I find out about the breakup on good old Facebook. Blake is at six flags and I see him posting crazy stuff about the one that got away! If I have told him once I have told him 100 times about not posting dirty laundry on Facebook. Just maybe I should take my own advice. He gets home and I ask him about the breakup. He shuts me down and tells me he does not want to talk about it. This hurts me. I have always thought of Blake and me being very close. How can he shut me out???? It does really break my heart. The next day we head to the mall together to get some digs for my cousin's wedding. While driving I beg him to tell me what happened. I tell him I'm a girl who has been there done that and I can give good advise if he lets me in. He ends up telling me. I will not blog about what he said but I will say I wanted to call a few people and act like a crazy middle school dramatic teenager and give them a piece of my mind. I tell him what I think went wrong and how a girl feels in certain situations. He asks if I think she will take him back. I have no idea but I hope so since he has liked her for three years. So he comes down tonight after he should be in bed with a handful of notes and gifts that she gave to him. He tells me he has first period with her and asks if he should give all this back. I say hell no...that is what a girl would do! I ask him if he wants her back and if he wants to keep that stuff. He says yes for both. I tell him to give her space and keep the stuff and of course be a gentleman . I'm so good at giving good advice. I'm the voice of reason when it comes to anybody but myself! If only over the years I could have taken my own advise I could hang my head high. Truth be told I have acted like a crazy idiot in my time!

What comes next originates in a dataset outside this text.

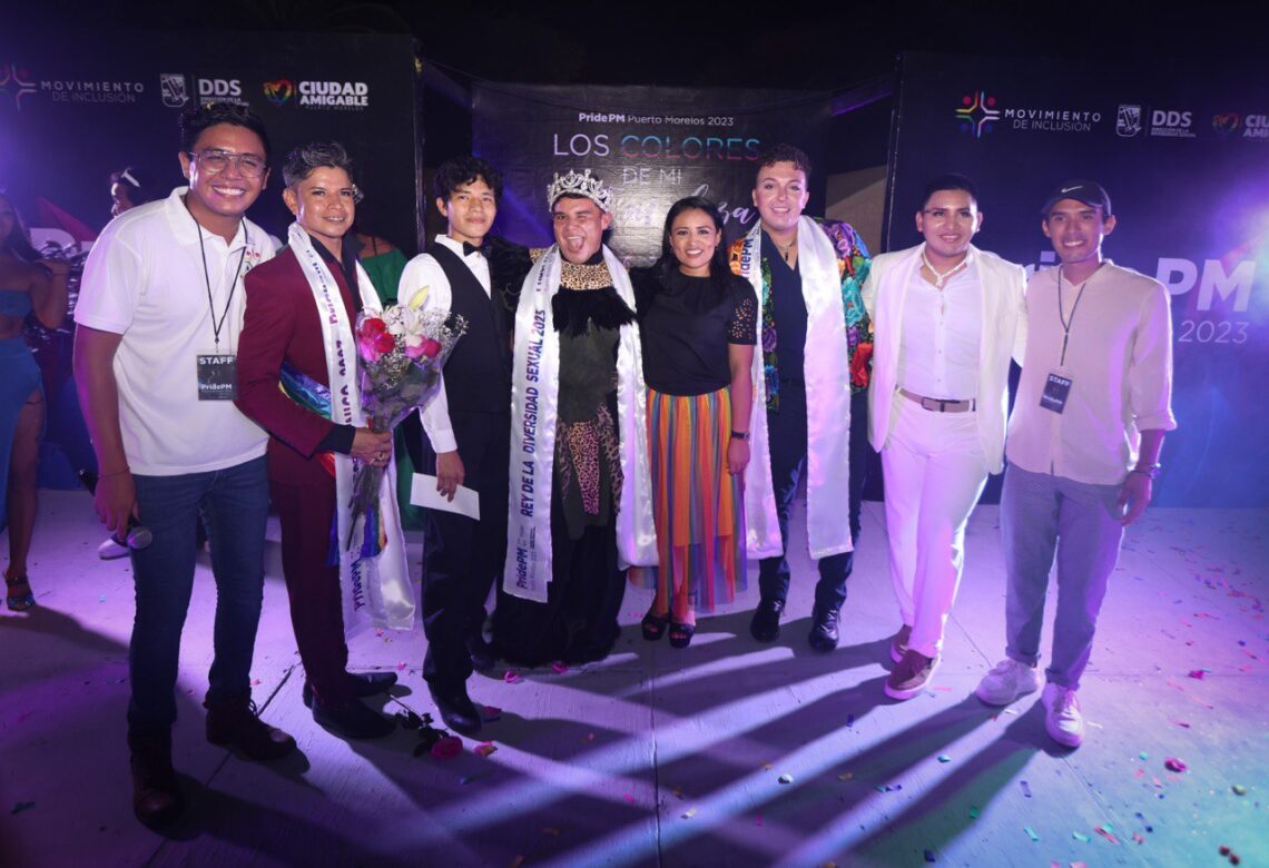 Puerto Morelos, Quintana Roo, 18 de junio de 2023.- La presidenta municipal Blanca Merari Tziu Muñoz coronó al Rey de la Diversidad Sexual 2023 de Puerto Morelos, Yushua Martín Basto, durante el evento PRIDE PM que se llevó a cabo en el parque principal de la colonia Joaquín Zetina Gasca, donde se dieron cita más de 200 personas para apoyar a los candidatos, quienes mostraron en todo momento su talento en el baile, la música y la poesía, además de la creación de vistosos atuendos.

So I was kind of sick of blogging. I thought..."ya know this is getting boring and I feel like I'm repeating myself over and over". I started this for my kids and then ended up getting about 3000 readers a month. So what if 20 percent are pervs and people that want to know what happens when they eat a booger. I know this because when you have a blog you can see what your readers google to get here. There are lots of pervs and booger eaters out there....just saying. It makes my invisible ass feel a little less invisible. So like I said before I started this for my kids. I read back on some of my first blog entries the other day. Sad thing was I was reading stuff I didn't remember. Another sad thing is I have awful grammar and in am in need of ghost writer. Totally embarrassed. It is there though and some of it is funny, some of it makes me cry, and truth be told life goes way too fast. Now I think if someone wants to read it to feel better about themselves so be it because I scream lazy parenting. . If someone gets bored with it they don't have to read it. I need to stop worrying. This is my life with these people I happen to live with. I think when they have their own kids it will be fun for them to read this! I also think maybe they will take my old ass in out of guilt when the time comes! I really do love these people so what if the dog is my favorite stop judging! I never proof read which is a problem but it is what it is! This is my blog and I'm happy that I have these people I live with to blog about.

2 comments:

dmkodat said...

You are totally nuts! More, more, more!

kerry said...

HaHa you have no idea how nuts I am!